Segment Open
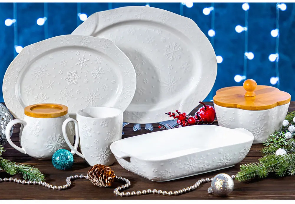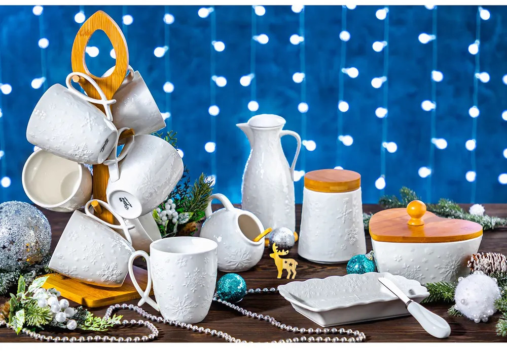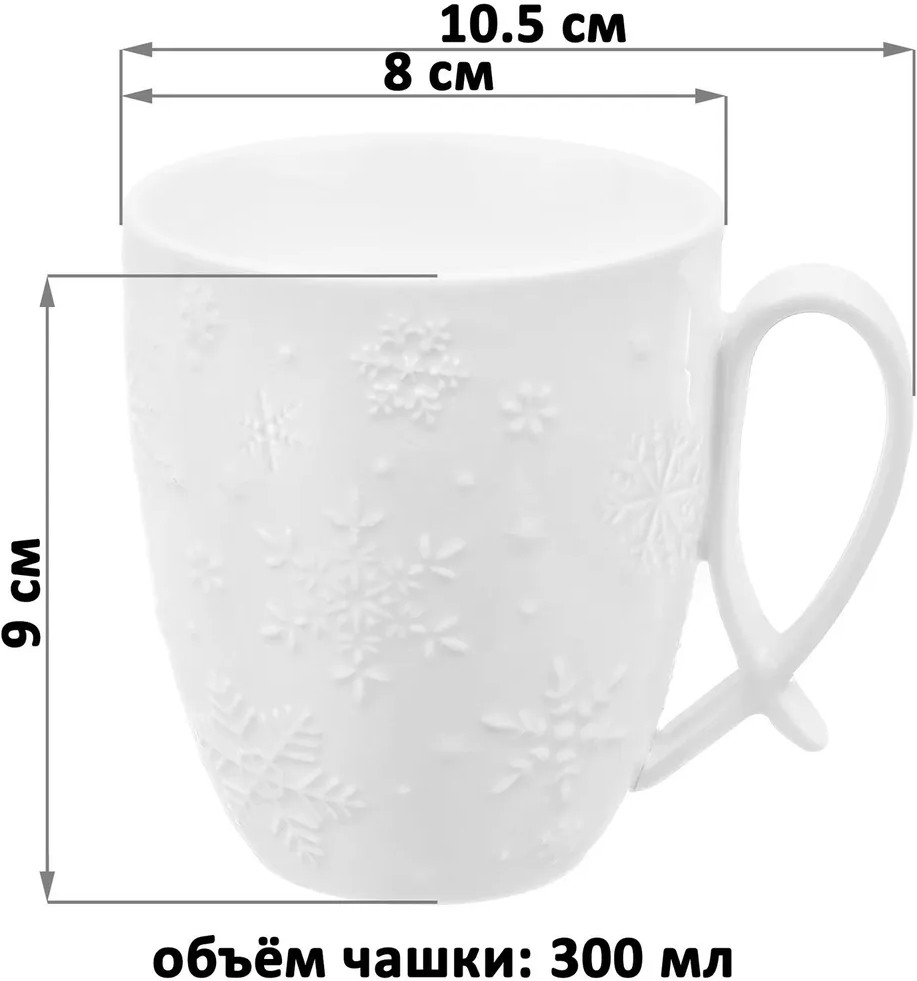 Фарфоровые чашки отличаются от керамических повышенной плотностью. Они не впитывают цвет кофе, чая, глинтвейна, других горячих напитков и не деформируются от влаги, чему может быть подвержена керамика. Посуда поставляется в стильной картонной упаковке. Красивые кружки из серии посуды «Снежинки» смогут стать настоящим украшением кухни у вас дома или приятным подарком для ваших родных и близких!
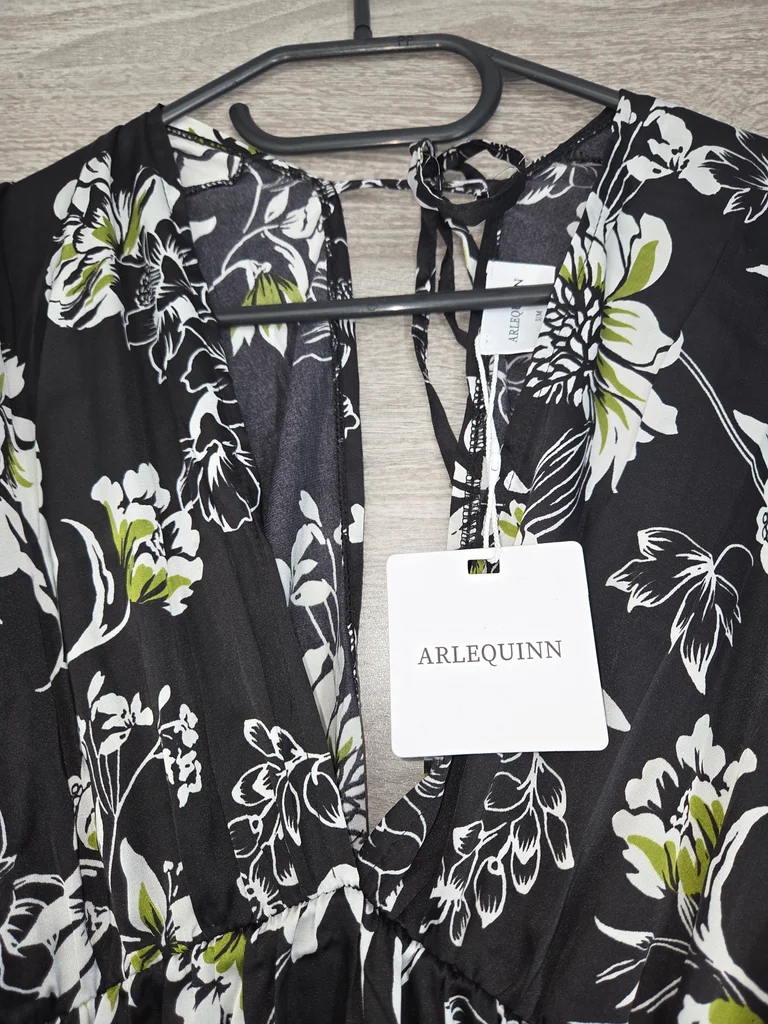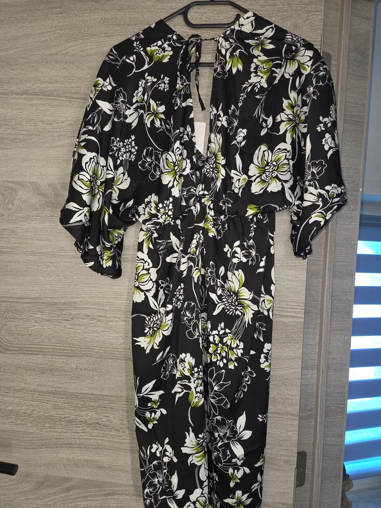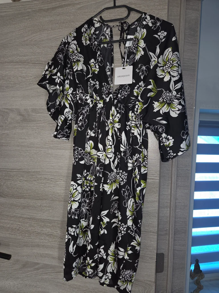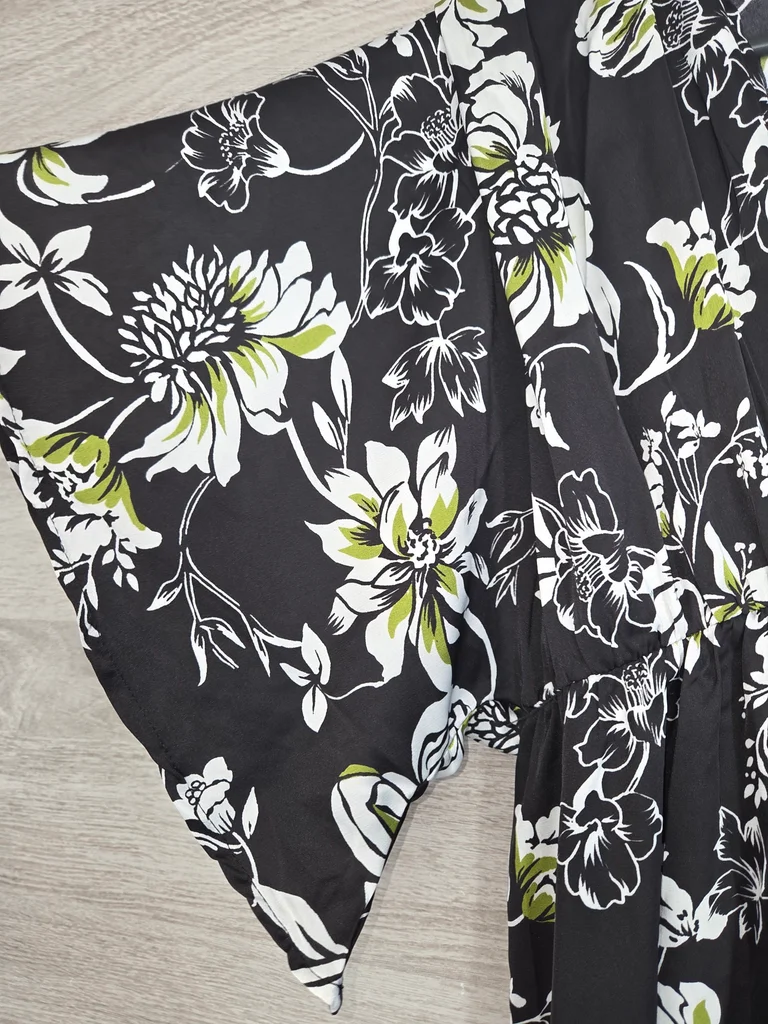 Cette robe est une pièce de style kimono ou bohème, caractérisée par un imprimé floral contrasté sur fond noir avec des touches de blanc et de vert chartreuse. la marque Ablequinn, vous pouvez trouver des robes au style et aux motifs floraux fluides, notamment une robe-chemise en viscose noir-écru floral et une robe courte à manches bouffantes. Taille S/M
Segment Closed
Segment Open
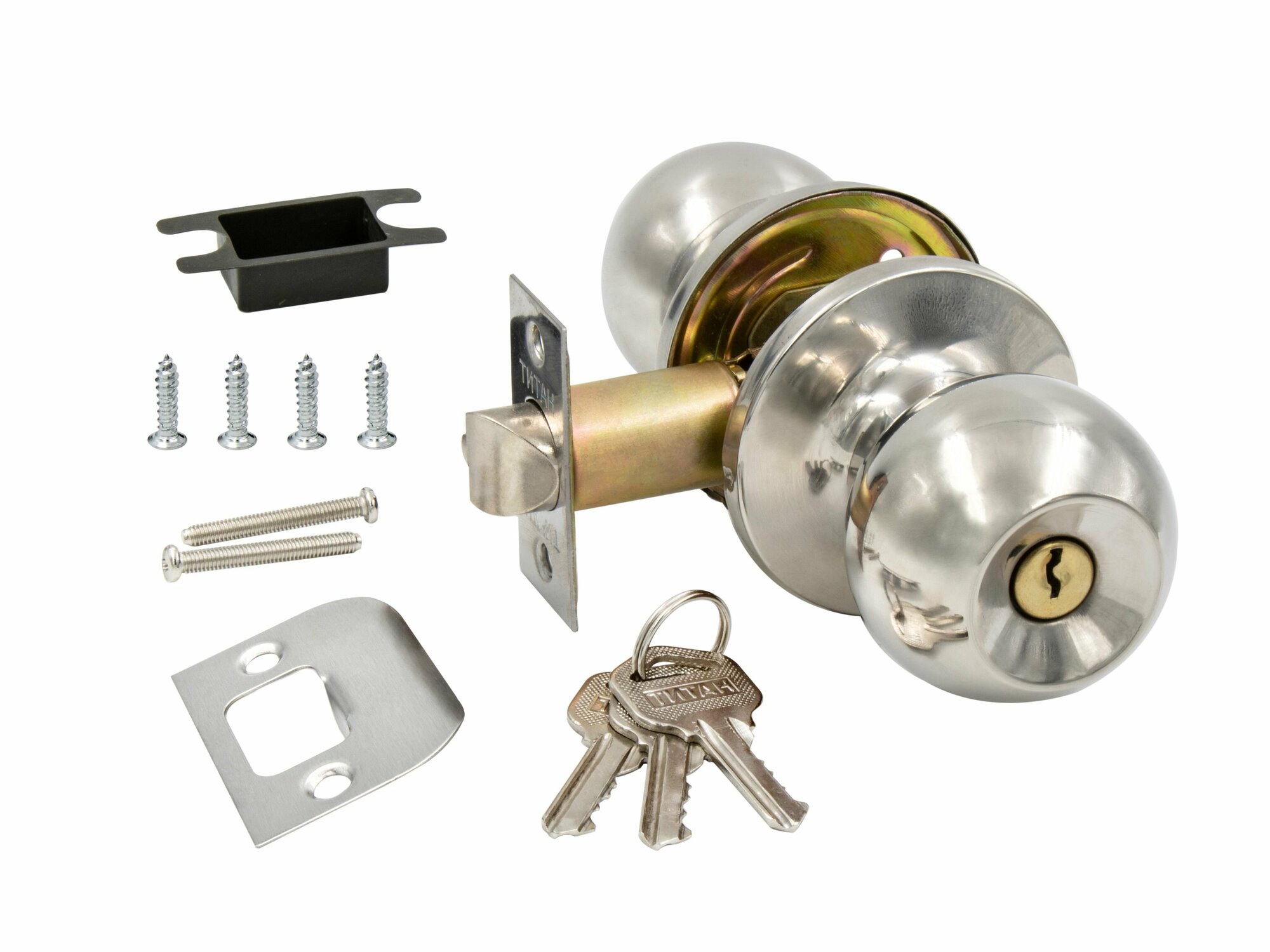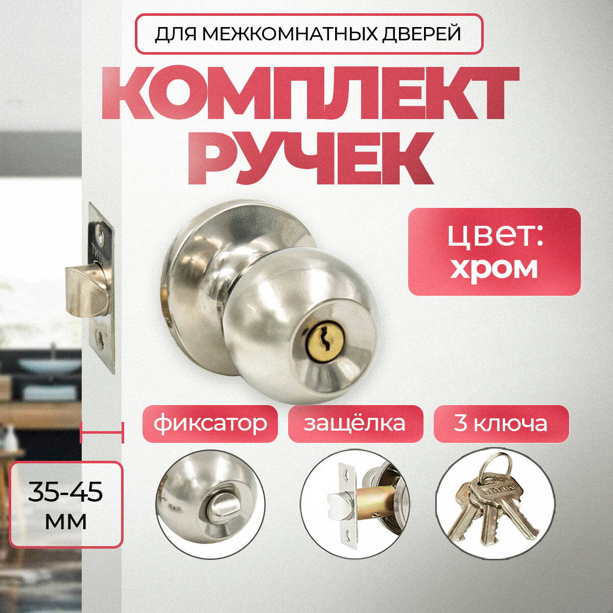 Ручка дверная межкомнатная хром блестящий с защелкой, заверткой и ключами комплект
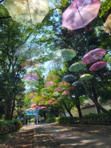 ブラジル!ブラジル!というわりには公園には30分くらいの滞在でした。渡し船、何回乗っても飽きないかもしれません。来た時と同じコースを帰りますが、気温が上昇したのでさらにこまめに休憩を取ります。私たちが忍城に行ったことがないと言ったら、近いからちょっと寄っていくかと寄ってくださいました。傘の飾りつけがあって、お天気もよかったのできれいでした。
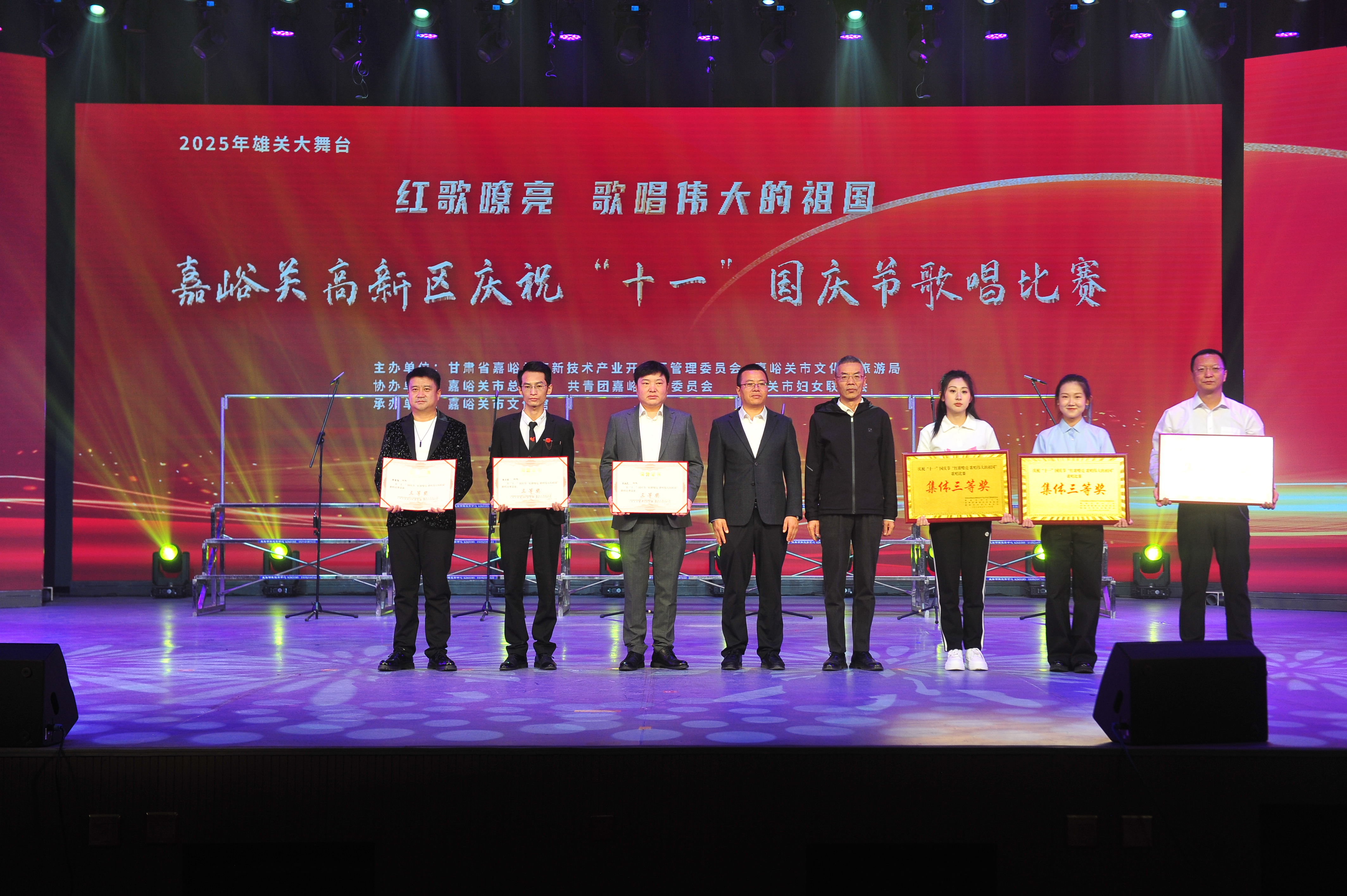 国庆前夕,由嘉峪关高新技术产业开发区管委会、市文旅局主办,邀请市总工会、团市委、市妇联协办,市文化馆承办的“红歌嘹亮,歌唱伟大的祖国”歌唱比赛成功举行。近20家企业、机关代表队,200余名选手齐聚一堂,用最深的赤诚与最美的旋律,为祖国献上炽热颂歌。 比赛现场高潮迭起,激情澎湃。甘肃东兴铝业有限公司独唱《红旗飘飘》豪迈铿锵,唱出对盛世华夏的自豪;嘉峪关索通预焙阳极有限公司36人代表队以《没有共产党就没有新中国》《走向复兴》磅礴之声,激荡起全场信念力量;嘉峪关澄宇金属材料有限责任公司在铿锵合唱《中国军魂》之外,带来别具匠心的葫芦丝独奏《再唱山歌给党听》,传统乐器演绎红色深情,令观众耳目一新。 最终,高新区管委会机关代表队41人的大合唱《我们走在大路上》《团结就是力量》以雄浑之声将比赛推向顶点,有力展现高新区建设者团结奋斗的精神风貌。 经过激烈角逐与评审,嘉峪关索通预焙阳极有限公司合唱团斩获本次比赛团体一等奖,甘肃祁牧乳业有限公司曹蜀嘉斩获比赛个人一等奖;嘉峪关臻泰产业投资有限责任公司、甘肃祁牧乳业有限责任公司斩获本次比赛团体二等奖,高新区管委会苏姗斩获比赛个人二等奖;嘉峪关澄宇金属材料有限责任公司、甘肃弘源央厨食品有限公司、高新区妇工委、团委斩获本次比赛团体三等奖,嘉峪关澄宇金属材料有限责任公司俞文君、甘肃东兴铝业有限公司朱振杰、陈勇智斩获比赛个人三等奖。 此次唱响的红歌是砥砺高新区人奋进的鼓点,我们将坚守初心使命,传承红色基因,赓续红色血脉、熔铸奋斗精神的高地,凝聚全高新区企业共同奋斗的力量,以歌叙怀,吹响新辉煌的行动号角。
Segment Closed
Segment Open
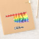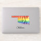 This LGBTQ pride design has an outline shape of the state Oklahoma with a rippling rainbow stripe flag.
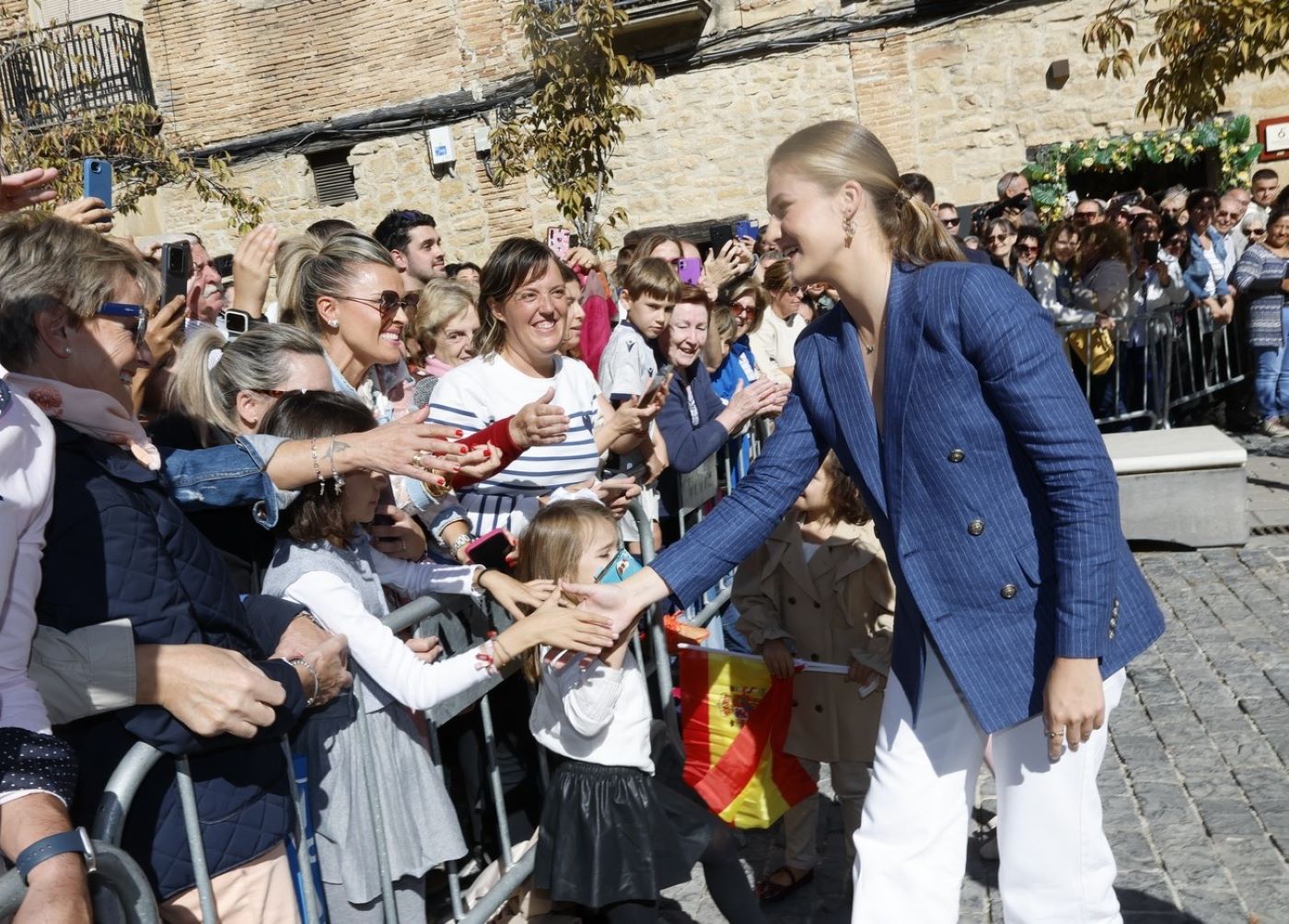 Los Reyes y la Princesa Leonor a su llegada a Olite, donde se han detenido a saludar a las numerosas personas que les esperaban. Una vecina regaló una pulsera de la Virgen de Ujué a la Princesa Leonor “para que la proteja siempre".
Segment Closed
Among the entries above, locate the line with "Фарфоровые чашки отличаются" and the line with "Cette robe est". Give those two lines and all lines between them again, exactly, leaving out the pictures.

 Фарфоровые чашки отличаются от керамических повышенной плотностью. Они не впитывают цвет кофе, чая, глинтвейна, других горячих напитков и не деформируются от влаги, чему может быть подвержена керамика. Посуда поставляется в стильной картонной упаковке. Красивые кружки из серии посуды «Снежинки» смогут стать настоящим украшением кухни у вас дома или приятным подарком для ваших родных и близких!
 Cette robe est une pièce de style kimono ou bohème, caractérisée par un imprimé floral contrasté sur fond noir avec des touches de blanc et de vert chartreuse. la marque Ablequinn, vous pouvez trouver des robes au style et aux motifs floraux fluides, notamment une robe-chemise en viscose noir-écru floral et une robe courte à manches bouffantes. Taille S/M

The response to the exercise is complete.